Thanks for your comments!
So in the case that all intermediate pairs fit into the RAM of the
cluster, does the InMemoryFileSystem already allow the intermediate
phase to be done without much disk access? Or what would be the
current bottleneck in Hadoop in this scenario (huge computational
load, not so much data in/out) according to your opinion?

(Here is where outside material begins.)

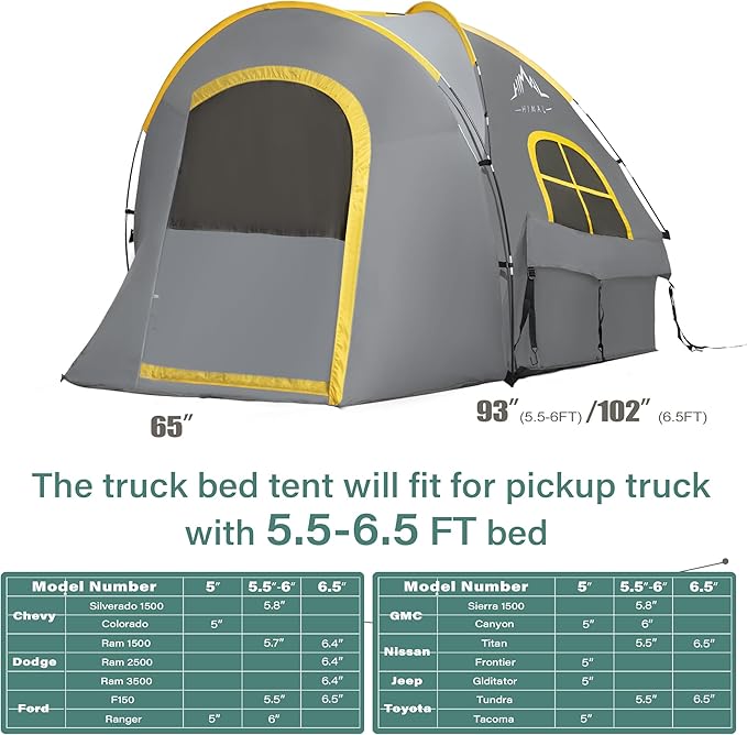 Pickup Truck Tent, Waterproof PU2000mm Double Layer for 6.5 FT Truck Bed, Portable Bed Tent for Camping, Gray
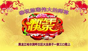 黑龙江省哈尔滨市呼兰区大法弟子一家三口恭祝师尊过年快乐!

Am 01.06.2008 um 10:08 schrieb Ted Dunning:
Hadoop is highly optimized towards handling datasets that are much
too large
to fit into memory. That means that there are many trade-offs that
have
been made that make it much less useful for very short jobs or jobs
that
would fit into memory easily.
Multi-core implementations of map-reduce are very interesting for a
number
of applications as are in-memory implementations for distributed
architectures. I don't think that anybody really knows yet how well
these
other implementations will play with Hadoop. The regimes that they
are
designed to optimize are very different in terms of data scale,
number of
machines and networking speed. All of these constraints drive the
design in
innumerable ways.
On Sat, May 31, 2008 at 7:51 PM, Martin Jaggi <[EMAIL PROTECTED]>
wrote:
Concerning real-time Map Reduce within (and not only between)
machines
(multi-core & GPU), e.g. the Phoenix and Mars frameworks:
I'm really interested in very fast Map Reduce tasks, i.e. without
much disk
access. With the rise of multi-core systems, this could get more
and more
interesting, and could maybe even lead to something like 'super-
computing
for everyone', or is that a bit overwhelming? Anyway I was nicely
surprised
to see the recent Phoenix (http://csl.stanford.edu/~christos/sw/phoenix/
)
implementation of Map Reduce for multi-core CPUs (they won the best
paper
award at HPCA'07).
Recently also GPU computing was in the news again, pushed by Nvidia
(check
CUDA http://www.nvidia.com/object/cuda_showcase.html ), and now also
there a Map Reduce implementation called Mars became available:
http://www.cse.ust.hk/gpuqp/Mars_tr.pdf
The Mars people say a the end of their paper "We are also
interested in
integrating Mars into the existing Map Reduce implementations such
as Hadoop
so that the Map Reduce framework can take the advantage of the
parallelism
among different machines as well as the parallelism within each
machine."
What do you think of this, especially about the multi-core
approach? Do you
think these needs are already served by the current
InMemoryFileSystem of
Hadoop or not? Are there any plans of 'integrating' one of the two
above
frameworks?
Or would it already be done by improving the significant
intermediate data
pairs overhead (https://issues.apache.org/jira/browse/HADOOP-3366 )?
Any comments?
--
ted